PARENTS of schoolchildren and environmental activists held a ‘funeral’ for the Old Shoreham Road cycle lane.

The group held the protest against the removal of the cycle lanes following a decision by the council last month.

Brennan Holt, a Hove resident whose children used the cycle lane to go to school, said: “This cycle lane provides the best connection route for more than 6,000 pupils from eight different schools who could travel more safely to and from school via this cycle route.

“Other alternative routes such as Portland Road and New Church Road, do not provide a direct access alternative to this route.”

Labour and Conservative councillors voted to axe the controversial cycle lane, with Green councillor Amy Heley describing the request to remove the lane as shameful and a disgrace in a council meeting in August.

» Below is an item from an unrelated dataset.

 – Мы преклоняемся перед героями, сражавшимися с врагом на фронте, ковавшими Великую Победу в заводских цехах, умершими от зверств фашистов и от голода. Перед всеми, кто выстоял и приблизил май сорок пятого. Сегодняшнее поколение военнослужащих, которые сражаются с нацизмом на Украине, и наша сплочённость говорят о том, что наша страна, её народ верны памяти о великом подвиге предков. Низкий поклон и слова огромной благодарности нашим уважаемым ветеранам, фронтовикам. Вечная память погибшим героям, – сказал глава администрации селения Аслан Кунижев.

Some protesters donned funeral attire and left "tributes" to the cycle lane. One read: "We all deserve safe streets - keep OSR (Old Shoreham Road) cycle lane."

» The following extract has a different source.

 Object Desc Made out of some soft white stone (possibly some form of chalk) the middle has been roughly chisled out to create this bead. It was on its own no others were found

Melissa Shinn, a spokeswoman for Extinction Rebellion Brighton, said: “Various forms of motorised transport are responsible for 33 per cent of Brighton and Hove council’s greenhouse gas emissions.

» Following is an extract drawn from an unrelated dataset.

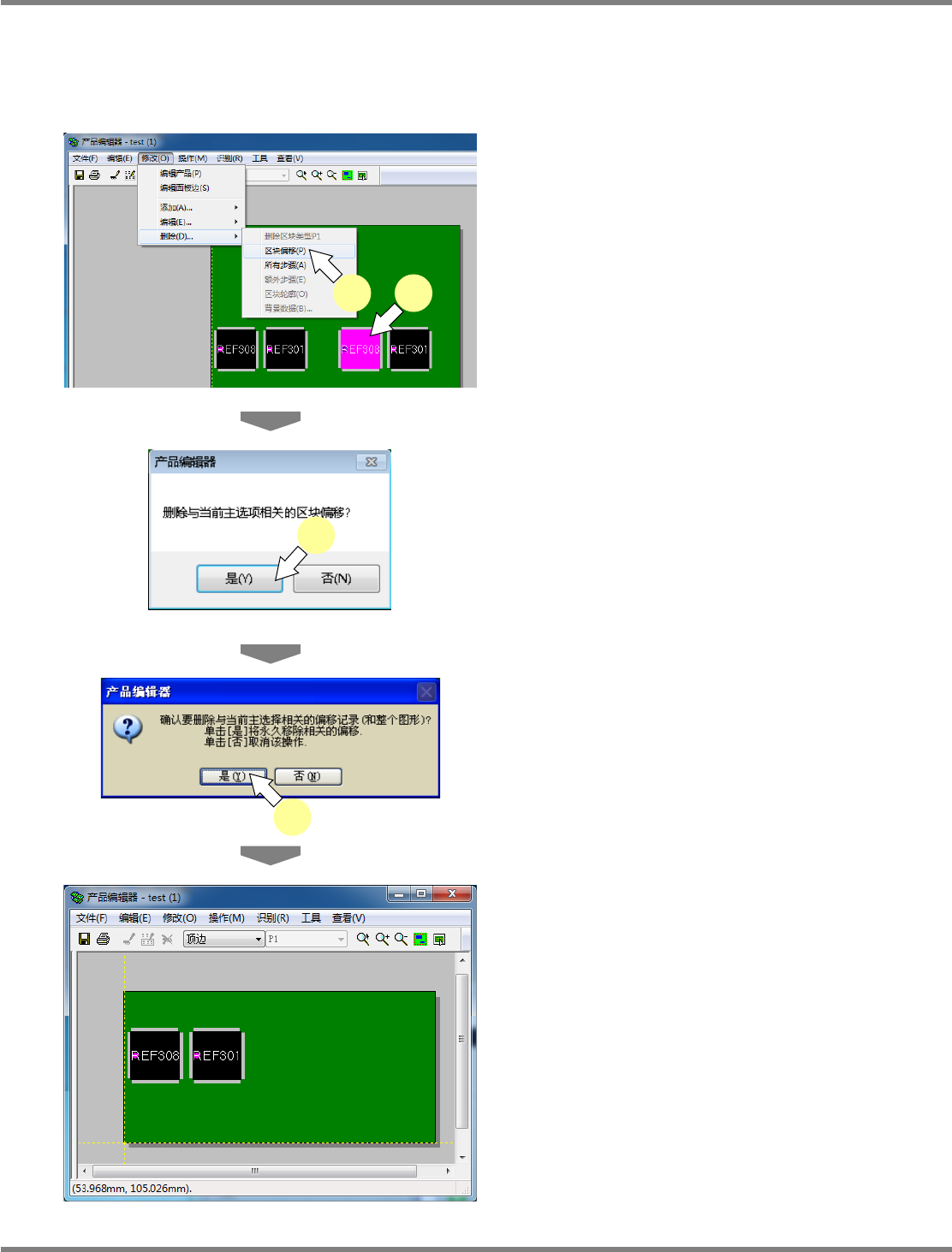 NPM-DGS 程序手册 5.8 PCB 编辑 Page 5-300 EJS9AC-MB-05P-31 ② 在 < 区块偏移 : 顶边 > 画面删除 1 选择需要删除区块补偿值的区块类型。 2 选择要删除的区块偏移。 3 点击 [ 删除 ] 。 4 点击 [ 关闭 ] 。 补偿值移动 1 显示 < 区块偏移 : 顶边 > 画面后,选择需 要移动的区块补偿值。 2 点击 [ 移动 ] 。 显示 < 移…

“It is totally incomprehensible, in the week before Car-Free Mobility Week, that the council - due to Labour and Conservative councillors’ insistence - are tearing out one of the long planned strategic zero emission travel backbones that are vital to achieve the council’s objective of carbon neutrality by 2030.

“The council has invested almost £250,000 of central government taxpayers’ money in this cycle lane so far, and it will cost more than £50,000 of local council funds to remove it.”

Melissa also claimed that the removal of the cycle lane will jeapordise a future application for roughly £3 million of funding from the government for “active travel” infrastructure investments in the city.

Work to remove the Old Shoreham Road cycle lane will begin tomorrow (September 13), and is expected to end in the early hours of September 19.